Reputation: 2067
I am trying to add custom functions into the tm_map
function of the package tm
however it converts the data into a different format where I cannot continue from.
For example I use
library(tm)
library(qdapRegex)
docs <- data.frame(doc_id = c("doc_1", "doc_2"),
text = c("This is a text.
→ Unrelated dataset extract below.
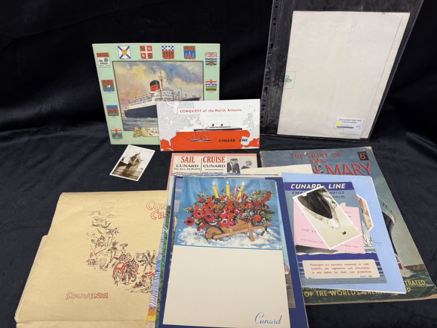 CUNARD: Collection of mixed Queen Mary, Mauretania and other liner ephemera.
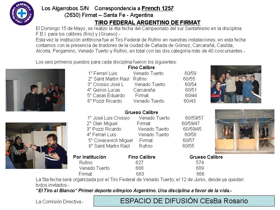 El domingo 15 de Mayo, se realizo la 4ta fecha del Campeonato del sur Santafesino en la disciplina F.B.I. para los calibres (fino) y (Grueso).-

With some more text, www.yahoo.com", "This another one. with some different text www.google.com"),
dmeta1 = 1:2, dmeta2 = letters[1:2],
stringsAsFactors = FALSE)
docs = VCorpus(DataframeSource(docs))
content(docs[[1]])
docs <- tm_map(docs, content_transformer(tolower)) # This Works fine
content(docs[[1]])
nchar_rm <- function(x){
gsub(" *\\b[[:alpha:]]{1,2}\\b *", " ", x)
} # Custom function to remove characters less than 2
docs <- tm_map(docs, nchar_rm) # implement custom function
content(docs[[1]]) # returns an error.
Error:
Error in UseMethod("content", x) :
no applicable method for 'content' applied to an object of class "character"
Also with the function docs <- tm_map(docs, rm_url)
using the rm_url
from the qdapRegex
package returns an error.
Upvotes: 0
Views: 320
Reputation: 388982
Use content_transformer
in the same way
library(tm)
docs <- tm_map(docs, content_transformer(nchar_rm))
content(docs[[1]])
#[1] "This text. With some more text, www.yahoo.com"
It will also work with rm_url
library(qdapRegex)
docs <- tm_map(docs, content_transformer(rm_url))
content(docs[[1]])
#[1] "This is a text. With some more text,"
However, you might be aware you can do this without using tm
function at all using lapply
/sapply
/map
etc.
lapply(docs$text, rm_url)
lapply(docs$text, nchar_rm)
Upvotes: 2